In the recent past, the design and synthesis of peptide mimics (peptidomimetics) has received much attention. This because they have shown in many cases enhanced pharmacological properties over their natural peptide analogues. In particular, the incorporation of cyclic constructs into peptides is of high interest as they reduce the flexibility of the peptide enhancing often affinity for a certain receptor. Moreover, these cyclic mimics force the molecule into a well-defined secondary structure. Constraint structural and conformational features are often found in biological active peptides. For the synthesis of cyclic constrained peptidomimetics usually a sequence of multiple reactions has been applied, which makes it difficult to easily introduce structural diversity necessary for fine tuning the biological activity. A promising approach to tackle this problem is the use of multicomponent reactions (MCRs), because they can introduce both structural diversity and molecular complexity in only one step. Among the MCRs, the isocyanide-based multicomponent reactions (IMCRs) are most relevant for the synthesis of peptidomimetics because they provide peptide-like products. However, these IMCRs usually give linear products and in order to obtain cyclic constrained peptidomimetics, the acyclic products have to be cyclized via additional cyclization strategies. This is possible via incorporation of bifunctional substrates into the initial IMCR. Examples of such bifunctional groups are N-protected amino acids, convertible isocyanides or MCR-components that bear an additional alkene, alkyne or azide moiety and can be cyclized via either a deprotection-cyclization strategy, a ring-closing metathesis, a 1,3-dipolar cycloaddition or even via a sequence of multiple multicomponent reactions. The sequential IMCR-cyclization reactions can afford small cyclic peptide mimics (ranging from four- to seven-membered rings), medium-sized cyclic constructs or peptidic macrocycles (>12 membered rings). This review describes the developments since 2002 of IMCRs-cyclization strategies towards a wide variety of small cyclic mimics, medium sized cyclic constructs and macrocyclic peptidomimetics.

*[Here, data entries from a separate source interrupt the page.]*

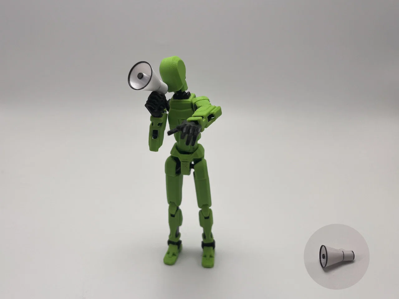 Megaphone đơn giản dành cho DUMMY13 (DUMMY 13 Beta). In bằng file 3MF với Bambu Studio/Orca Slicer, gợi ý layer height ~0.16mm, có brim và support. Chà nhám tay cầm rồi gắn vừa vào tay DUMMY 13.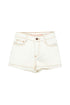 Off white denim short with contrast stitching. Features button at waist, zip front, and front and back classic pockets.
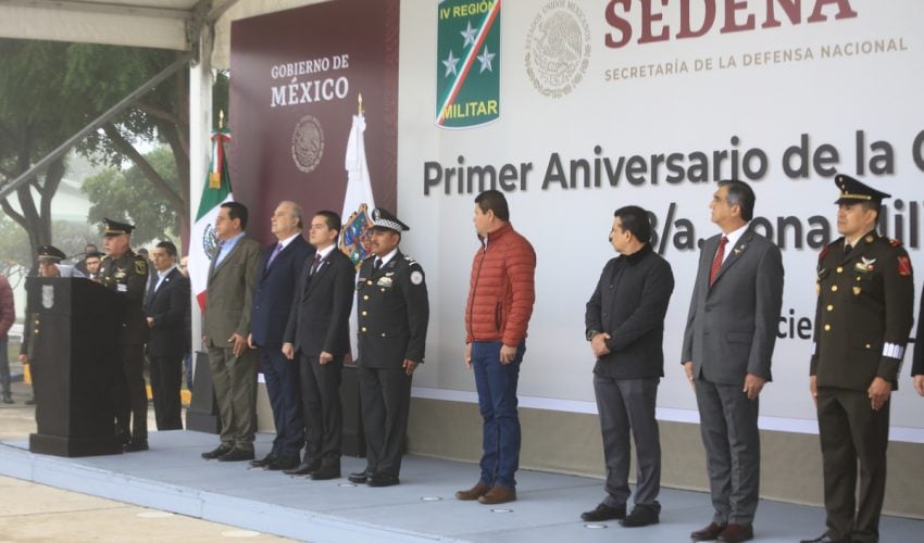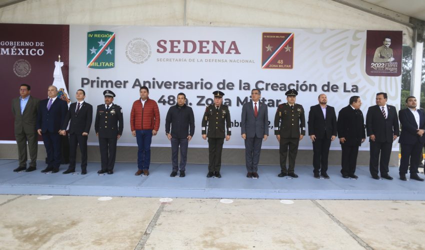 Ante la presencia del general brigadier DEM Fernando Lima Cuauhxochilt, jefe de estado mayor de la 48/a Zona Militar, quien presidió la ceremonia del primer aniversario, la cual pasó revista de entrada el primero de diciembre de 2021, también destacó la labor del Ejército en obras sociales y apoyo comunitario como las sedes del Banco del Bienestar, que son claves para la dispersión de recursos de los programas sociales del presidente.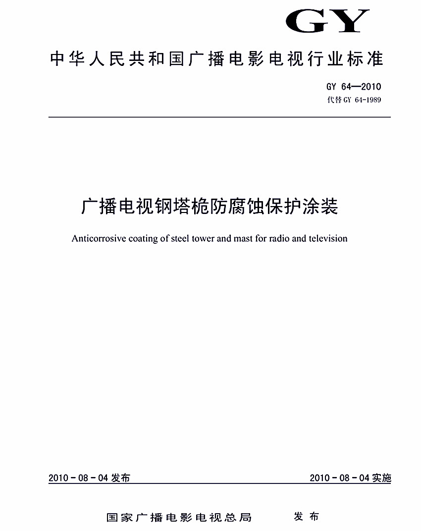 廣播電視塔鋼結(jié)構(gòu)防腐漆配套是小編參考GY 64-2010《廣播電視鋼塔桅防腐蝕保護涂裝》整理出來的,大家可以放心參考。更過防腐涂料配套、施工工藝和執(zhí)行標(biāo)準(zhǔn)等信息,可以查看鑫鼎言防腐涂料網(wǎng)站。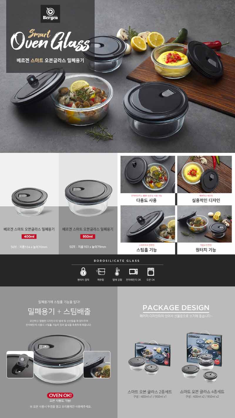 베르겐 스마트 오븐글라스 밀폐용기4조세트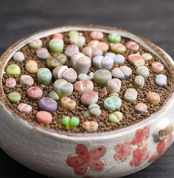 این گیاه همچنین به اسم “سنگ های زنده” نیز شناخته میشود؛ زیرا شکل آن ها بسیار شبیه سنگ است. این ساکولنت های منحصر به فرد این استراتژی ظاهری را برای پنهان شدن از حیوانات و آفات در طبیعت به کار میگیرند.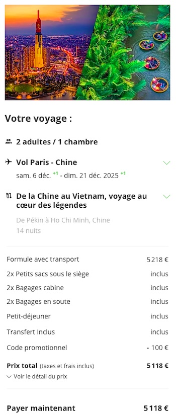 Le prix comprend les vols A/R, plusieurs transferts, le vol Pékin - Hanoï en classe économique, les hébergements et les petits-déjeuners.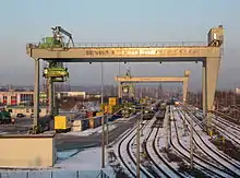 A modern freight village lies immediately south of the station area on Potthoffstraße.[4] The transhipment yard for combined transport has two entry and exit tracks, four loading tracks with adjoining storage areas and two gantry cranes. The transhipment yard can handle a maximum of 90,000 containers or swap bodies annually.
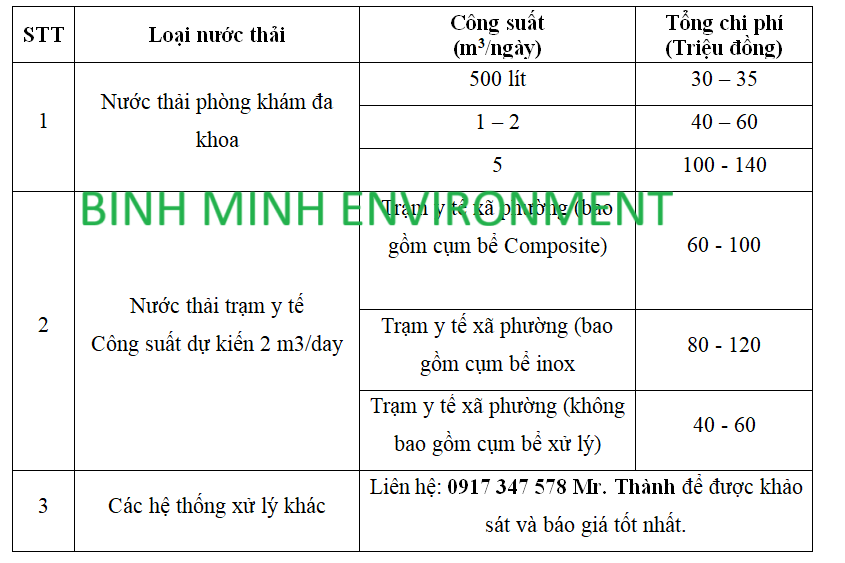Công ty môi trường Bình Minh với hơn 10 năm kinh nghiệm trong xử lý nước thải. Nếu đang có nhu cầu lắp đặt, thi công hệ thống xử lý nước thải y tế bạn có thể liên hệ qua Holine: 0917 347 578 để được hỗ trợ báo giá sớm nhất.
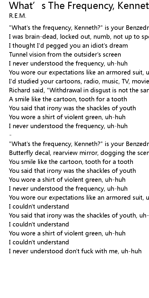 "What's the frequency, Kenneth?" is your Benzedrine, uh-huh |
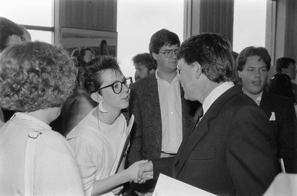 Conférence de presse du ministre des Relations internationales, Bernard Landry, pour l'Année internationale de la jeunesse, 1985, 18 juin 1985, Archives nationales à Québec, Fonds Ministère des Communications, (03Q,E10,S44,SS1,D85-431), Marc Lajoie.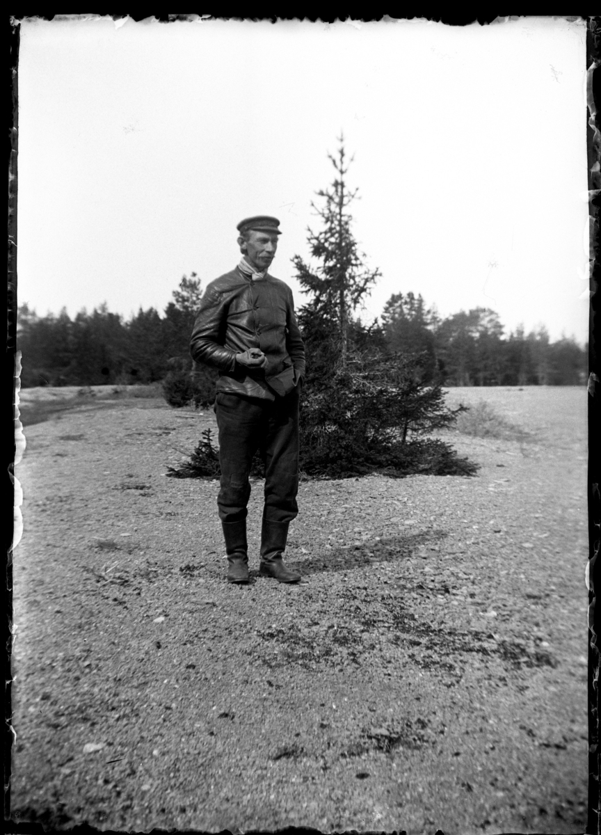 Porträtt av en man, klädd i skinnjacka och stövlar.

Multicomponent synthesis of 3,6-dihydro-2H-1,3-thiazine-2-thiones

Non-fused 3,6-dihydro-2H-1,3-thiazine-2-thiones constitute a so far rather unexplored class of compounds, with the latest report dating back more than two decades. Thiazine-2-thiones contain an endocyclic dithiocarbamate group, which is often found in pesticides, in substrates for radical chemistry and in synthetic intermediates towards thioureas and amidines. We now report the multicomponent reaction (MCR) of in situ-generated 1-azadienes with carbon disulfide. With this reaction, a one-step protocol towards the potentially interesting 3,6-dihydro-2H-1,3-thiazine-2-thiones was established and a small library was synthesized.

Synthesis of 3,4-dihydropyridin-2(1H)-ones and 3,4-dihydro-2H-pyrans via Four-component reactions of aromatic aldehydes, cyclic 1,3-carbonyls, arylamines, and dimethyl acetylenedicarboxylate

A protocol has been developed for the efficient synthesis of structurally diverse 3,4-dihydropyridin-2(1H)-ones and 3,4-dihydro-2H-pyrans via four-component reactions of arylamines, acetylenedicarboxylate, aromatic aldehydes and cyclic 1,3-diketones. The selective formation of the very different pyridinone or pyran derivatives depends on the structure of cyclic 1,3-diketone. The key steps are proposed to involve Michael addition of the enamino ester formed in situ from the reaction of arylamine with dimethyl acetylenedicarboxylate to arylidine cyclic 1,3-diketones.